■ DATA BELOW:
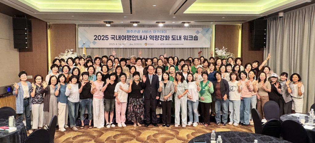 제주를 찾는 내국인 관광객의 만족도를 높이기 위해 현장 안내를 담당하는 국내여행안내사들이 한자리에 모였다. 제주특별자치도와 제주관광공사는 14일, 도내에서 제주지역 국내여행안내사 100여 명을 대상으로 역량 강화 교육을 진행했다.
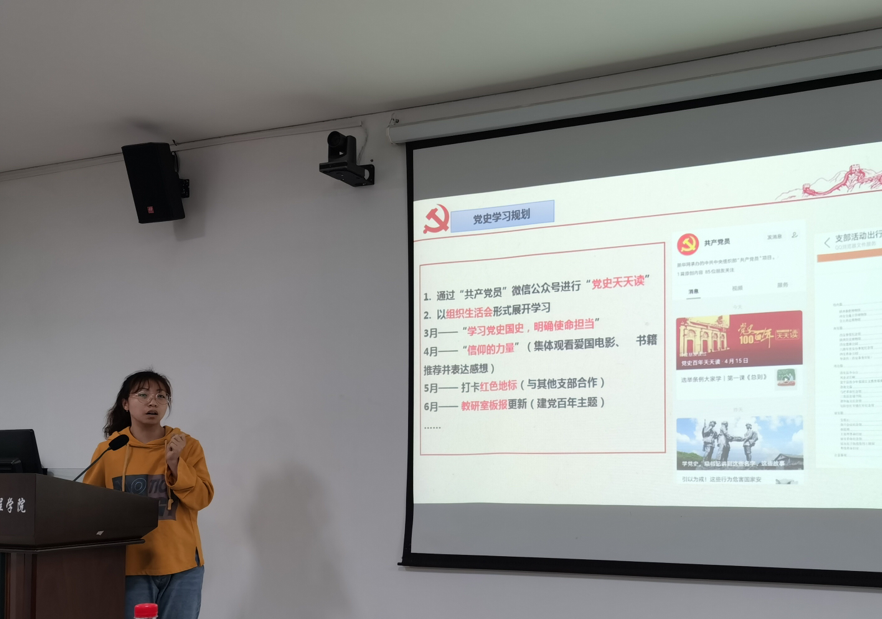 吴文媛从组织生活的主要容和形式入手,结合院办与实验室党支部工作的实例进行了分享和交流;宁晓辉在分享中强调了以问题为导向的工作思路,通过组织纪律、安全检查、制度建设等措施加强支部的建设;孙雅薇介绍了支部举办的清明祭奠英烈、结对交流等特色活动,增强支部党员的凝聚力;王志英从组织生活、“四史”学习、志愿活动三个方面介绍了支部开展的系列活动,并分享了支部本年度党史教育学习的规划。
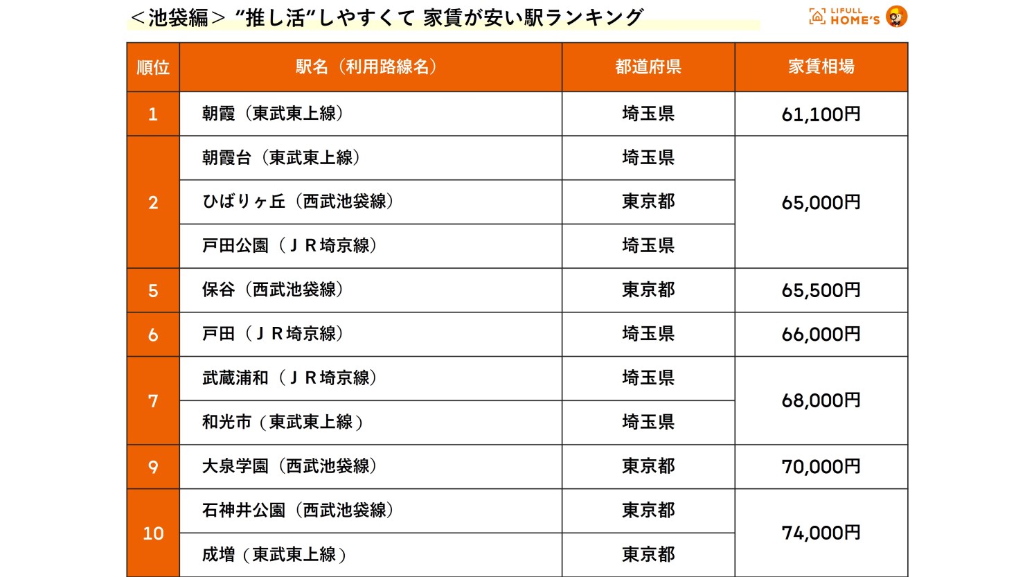 池袋編でランクインした駅は、東武東上線、西武池袋線、JR埼京線沿線で構成されており、埼玉県に位置する駅も多いのが特徴です。また、秋葉原編・中野編と比較すると家賃相場が6万円台の駅が上位を占めました。

■ WORK REQUIRED: Pictures stay out. Copy exactly, and only, the lines from the one containing "吴文媛从组织生活的主要容和形" through the end of the data.

■ SOLUTION TO THIS TASK:
 吴文媛从组织生活的主要容和形式入手,结合院办与实验室党支部工作的实例进行了分享和交流;宁晓辉在分享中强调了以问题为导向的工作思路,通过组织纪律、安全检查、制度建设等措施加强支部的建设;孙雅薇介绍了支部举办的清明祭奠英烈、结对交流等特色活动,增强支部党员的凝聚力;王志英从组织生活、“四史”学习、志愿活动三个方面介绍了支部开展的系列活动,并分享了支部本年度党史教育学习的规划。
 池袋編でランクインした駅は、東武東上線、西武池袋線、JR埼京線沿線で構成されており、埼玉県に位置する駅も多いのが特徴です。また、秋葉原編・中野編と比較すると家賃相場が6万円台の駅が上位を占めました。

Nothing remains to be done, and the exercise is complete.